*** Material provided Section Begins ***

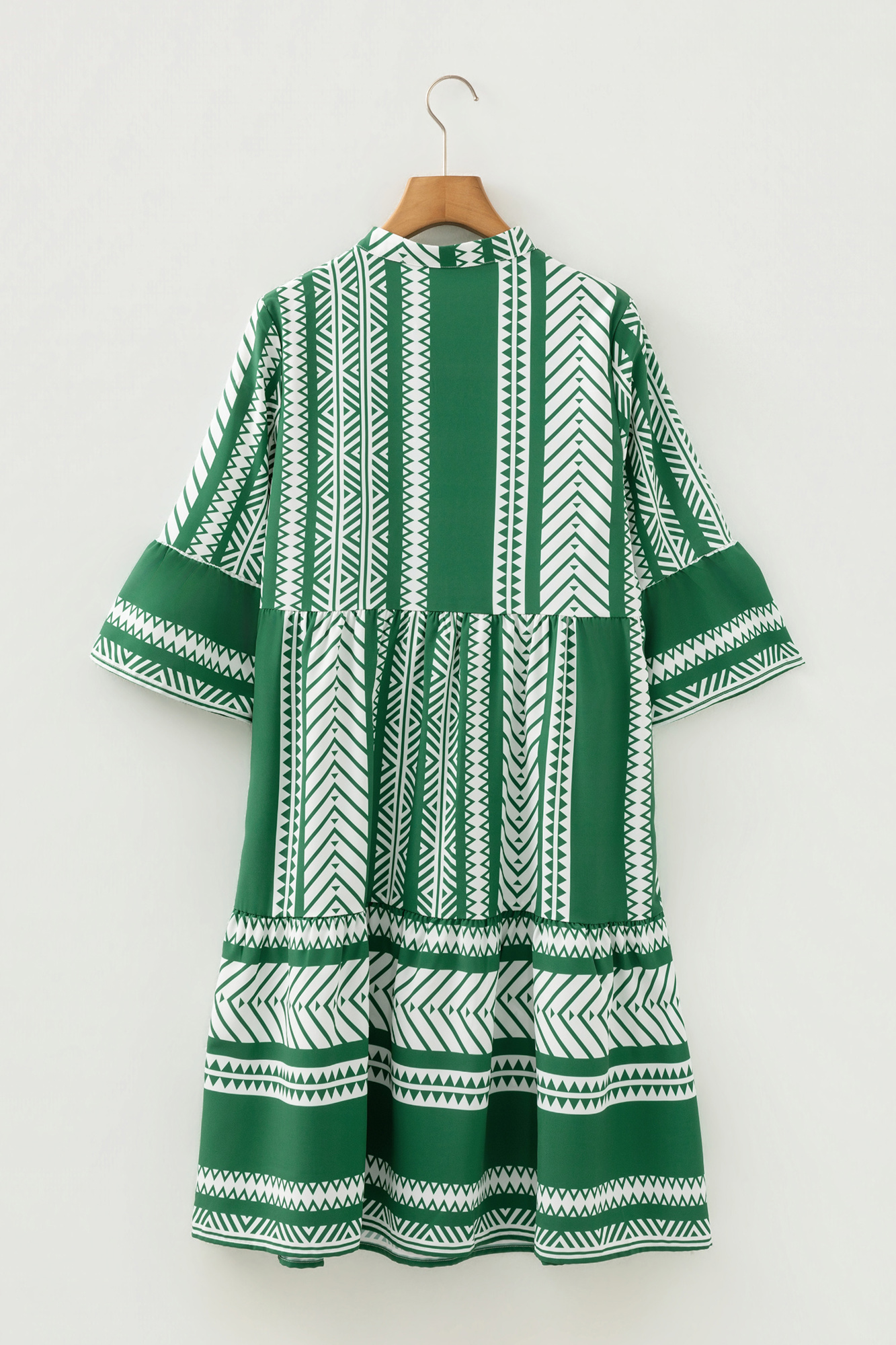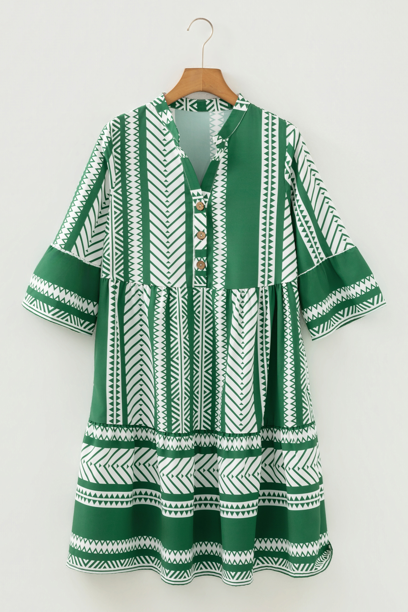 Mikaela 4 Sleeve Casual Dress is your new go-to piece when you want to feel cute and comfortable. Boho dress with ethnic print adds vibrant, free-spirited charm. Half button design offers easy wear and relaxed style. 3/4 sleeve provides light coverage for any season. Soft, breathable fabric makes this casual dress comfy all day. Material: 100%Polyester.
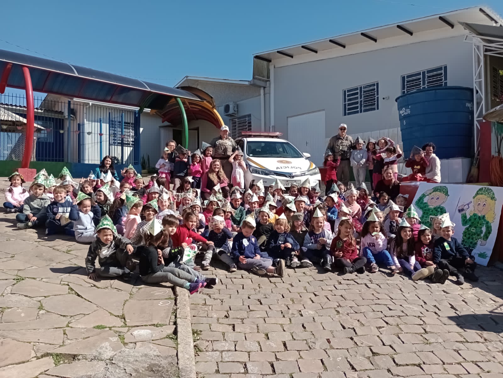 A escola conta com 174 alunos com idade entre quatro (04) e cinco (05) anos, divididos nos turnos da manhã e tarde, e preparou uma decoração toda especial para receber os integrantes da Brigada Militar.
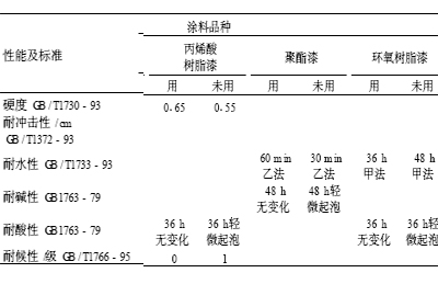 應用該改性聚酯白漿所制各類白色漆與按常規制法制得的同類白色漆相比 , 其涂膜在某些性能上有所改善 , 具體對比如表 1 。
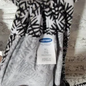Elevate your wardrobe with the versatile Old Navy Slip Dress, a perfect blend of comfort and style. Designed in a size XL for a relaxed fit, this knee-length dress boasts a timeless black and white geometric pattern that easily transitions from day to night. The round neckline and sleeveless cut make it a great choice for any casual occasion or travel adventure. Crafted from a soft mix of rayon and spandex, the dress offers gentle stretch for all-day ease and is machine washable for hassle-free care. Whether you're enjoying a spring breeze or cozied up in fall, this slip dress is an essential piece that can be styled for every season. It's a simple yet chic addition to your clothing collection.
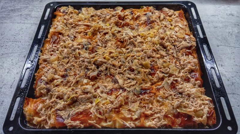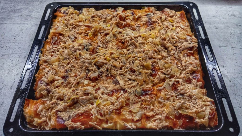 Сваряваме бутчетата и ги обезкостяваме. Накъсваме месото на конци. Запържваме каймата с една глава лук. Добавяме солта и червения пипер. Разстиламе корите в тавата, като ги намазваме с олио. Намазваме отгоре плънката от кайма и лук, след което завиваме. Слагаме да печем на 180 градуса до зачервяване.
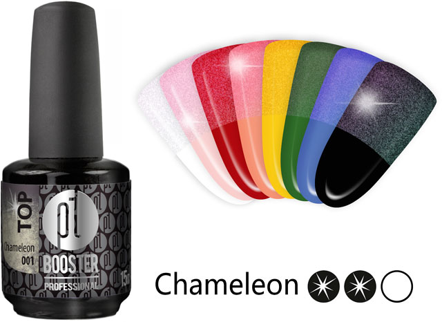 LED-tech BOOSTER COLOR DRY Top Chameleon 001, 15ml - Gel-lak s vysokým leskem BEZ PILOVÁNÍ <<< Zpět na přehled
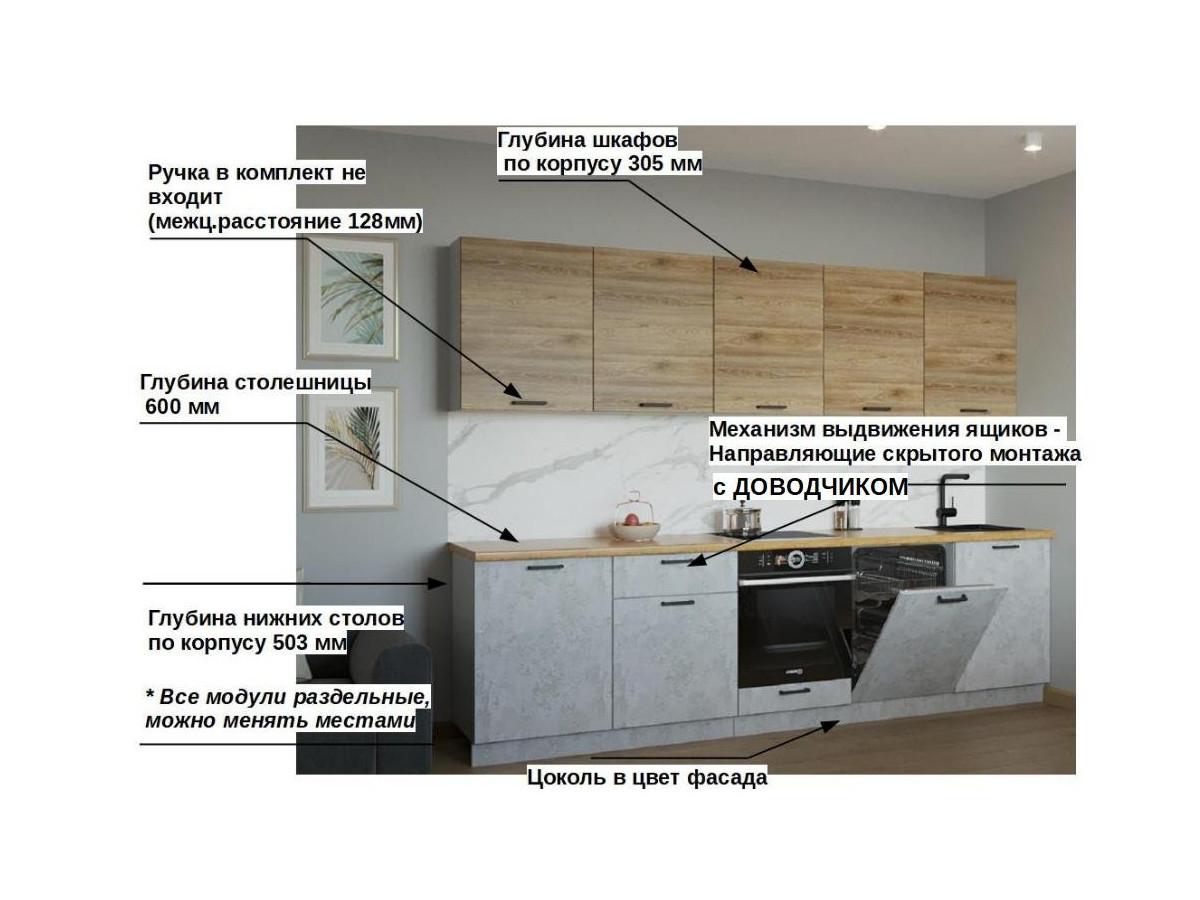 Кухонная мойка, стеновая панель, посудосушитель, планки для столешницы в комплект не входят.
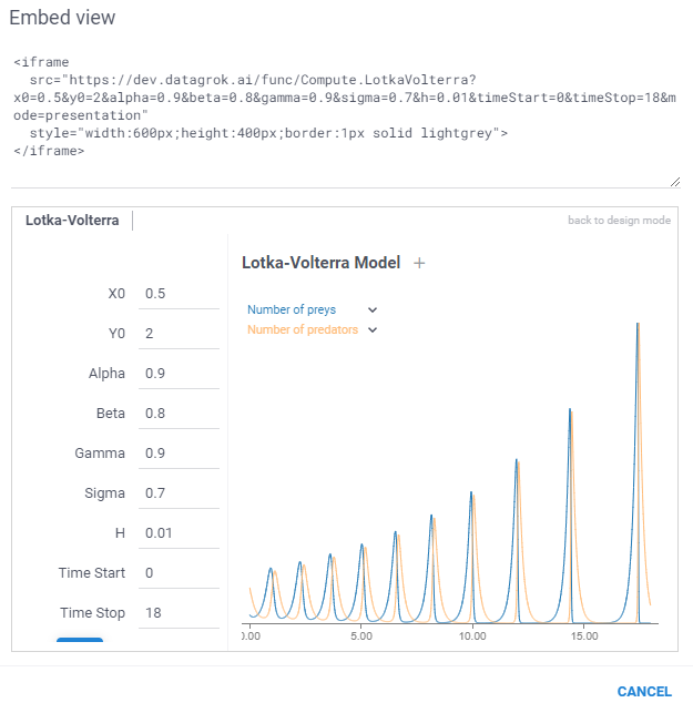 You will see a dialog with the HTML code on top that you can use to embed this into an external site. Note that you can change parameter values right in the URL.
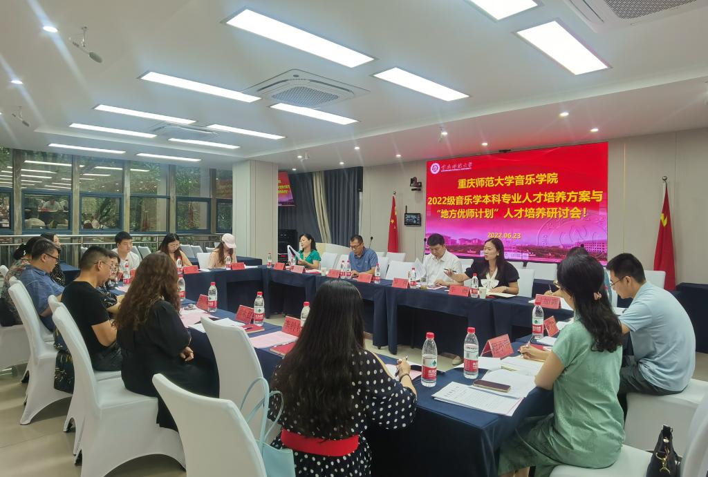 为进一步落实教育部等九部门联合印发的《中国西部欠发达地区优秀教师定向培养计划》文件精神,从源头上改善定向区县中学教师队伍质量,培养优秀基础教育教师。2022年6月23日上午,PA视讯官网于音乐学院201会议室开展了PA视讯官网2022级音乐学本科专业人才培养方案与“地方优师计划”人才培养研讨会。本次会议扎实地围绕2022级音乐学本科专业人才培养方案的修订和“地方优师计划”人才培养方案的制定进行了集中探讨,得出了颇多具有实效的结论。重庆市第八中学音乐教师曹旭康、重庆市璧山区音乐教研员李静受我院邀请,莅临我院进行专业指导建议。会议由PA视讯官网副院长吴伟主持,PA视讯官网副院长郑华(主持工作)、音乐学系主任和各教研室主任、教科办主任、学工办主任以及教师代表和音乐学专业学生代表共同参加了本次研讨会。
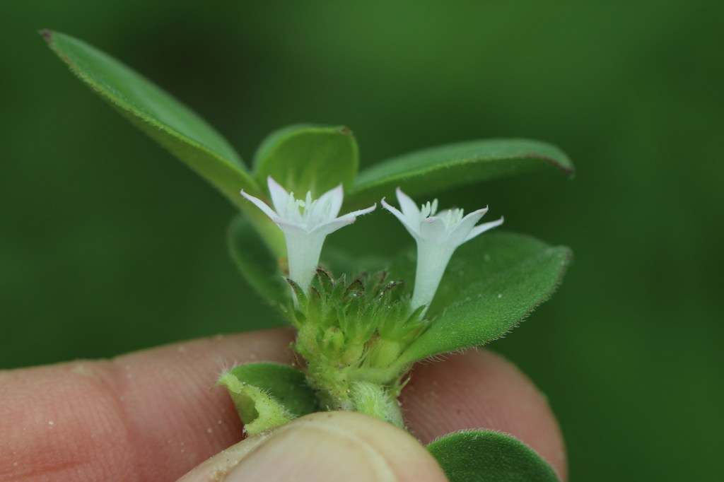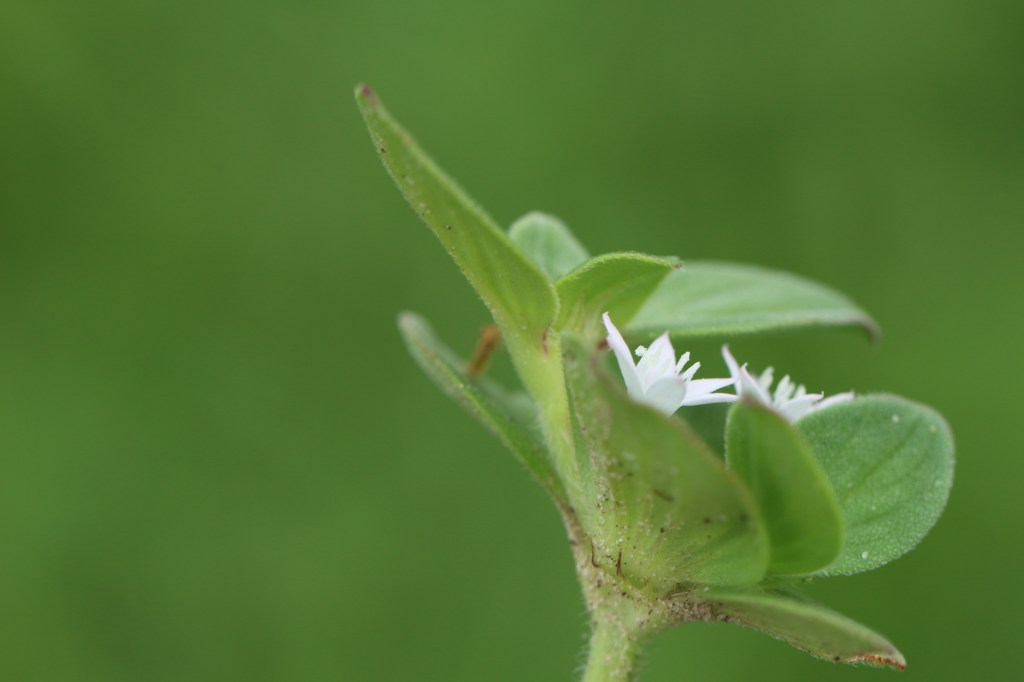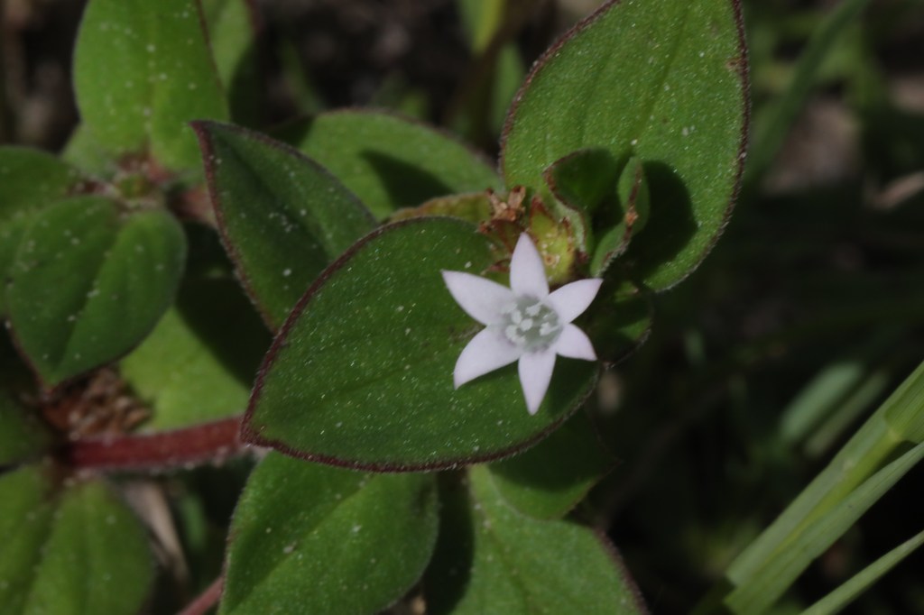 Plant Description: Perennial with usually prostrate stems to 70 cm, forming mats. Leaves 1.5-4 cm long, ovate or elliptic, hairy; often rimmed with brown rim around the leaf. Flowers in compact clusters, the corolla 5-8 mm wide, white.
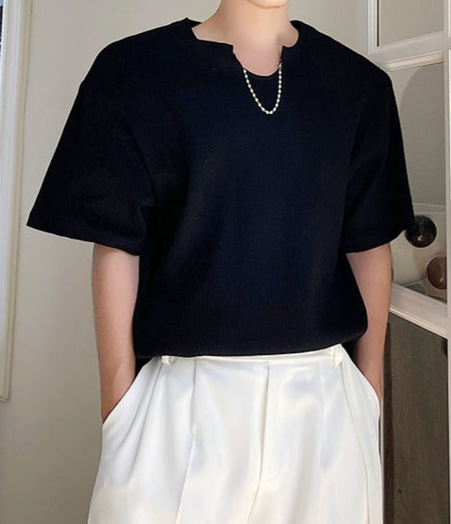 ティアドロップネック ワッフル ハーフスリーブ ニット
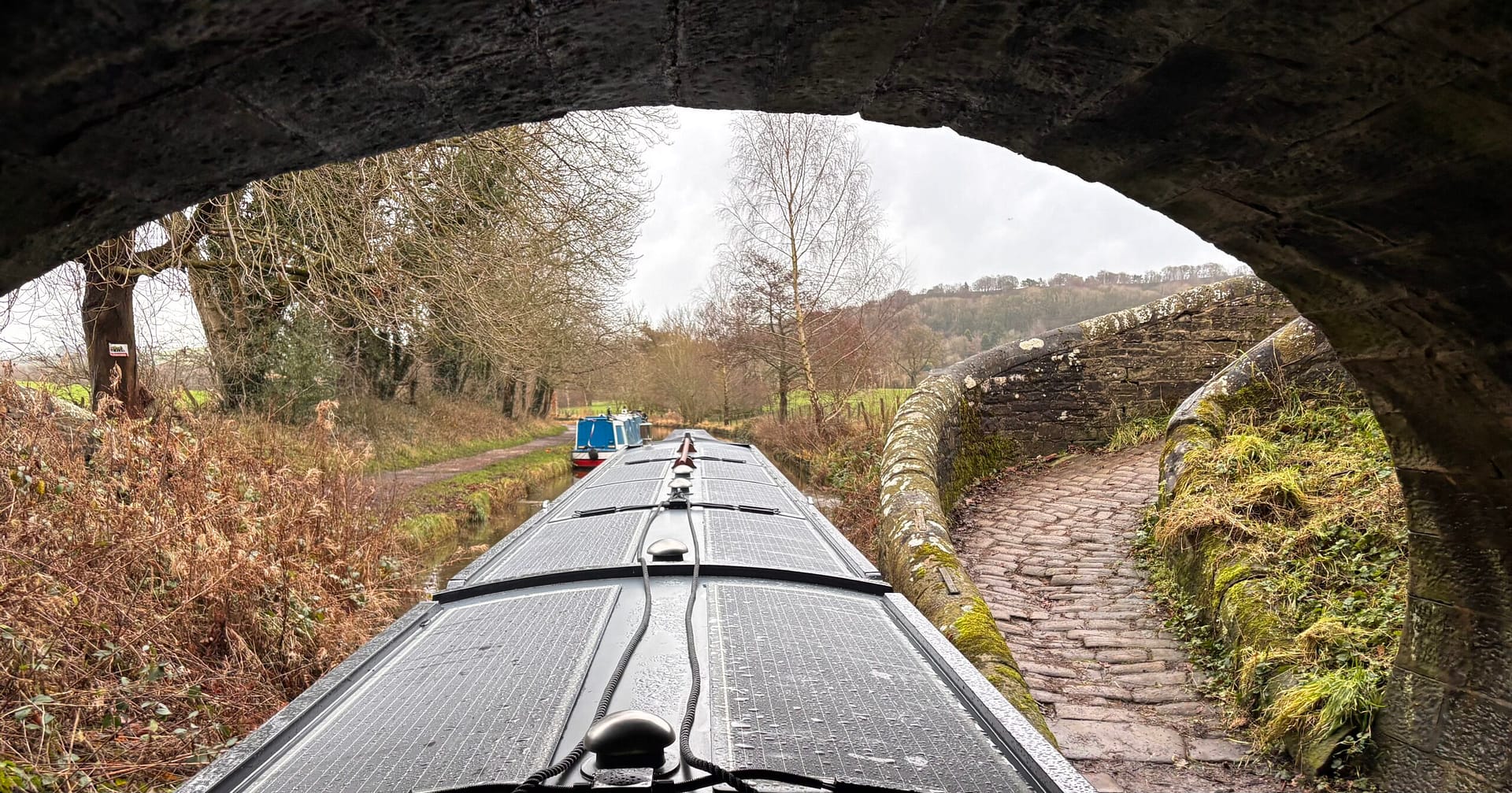 We knew KofR had been moored on the aqueduct by Clarence Mill (because we passed them the other day) so decided that rather than stopping where we’d been a few days ago, we’d carry on and see if their space was still available. I switched back to electric propulsion as we went past Kerridge Dry Dock and then squeezed through all the boats at Bollington Wharf.

*** Material provided Section Ends ***

→ **Exercise objective**: What you print must be exactly the lines from the one containing "LED-tech BOOSTER COLOR" through the last line of the material, and no pictures.

→ **Task answer**:
 LED-tech BOOSTER COLOR DRY Top Chameleon 001, 15ml - Gel-lak s vysokým leskem BEZ PILOVÁNÍ <<< Zpět na přehled
 Кухонная мойка, стеновая панель, посудосушитель, планки для столешницы в комплект не входят.
 You will see a dialog with the HTML code on top that you can use to embed this into an external site. Note that you can change parameter values right in the URL.
 为进一步落实教育部等九部门联合印发的《中国西部欠发达地区优秀教师定向培养计划》文件精神,从源头上改善定向区县中学教师队伍质量,培养优秀基础教育教师。2022年6月23日上午,PA视讯官网于音乐学院201会议室开展了PA视讯官网2022级音乐学本科专业人才培养方案与“地方优师计划”人才培养研讨会。本次会议扎实地围绕2022级音乐学本科专业人才培养方案的修订和“地方优师计划”人才培养方案的制定进行了集中探讨,得出了颇多具有实效的结论。重庆市第八中学音乐教师曹旭康、重庆市璧山区音乐教研员李静受我院邀请,莅临我院进行专业指导建议。会议由PA视讯官网副院长吴伟主持,PA视讯官网副院长郑华(主持工作)、音乐学系主任和各教研室主任、教科办主任、学工办主任以及教师代表和音乐学专业学生代表共同参加了本次研讨会。
 Plant Description: Perennial with usually prostrate stems to 70 cm, forming mats. Leaves 1.5-4 cm long, ovate or elliptic, hairy; often rimmed with brown rim around the leaf. Flowers in compact clusters, the corolla 5-8 mm wide, white.
 ティアドロップネック ワッフル ハーフスリーブ ニット
 We knew KofR had been moored on the aqueduct by Clarence Mill (because we passed them the other day) so decided that rather than stopping where we’d been a few days ago, we’d carry on and see if their space was still available. I switched back to electric propulsion as we went past Kerridge Dry Dock and then squeezed through all the boats at Bollington Wharf.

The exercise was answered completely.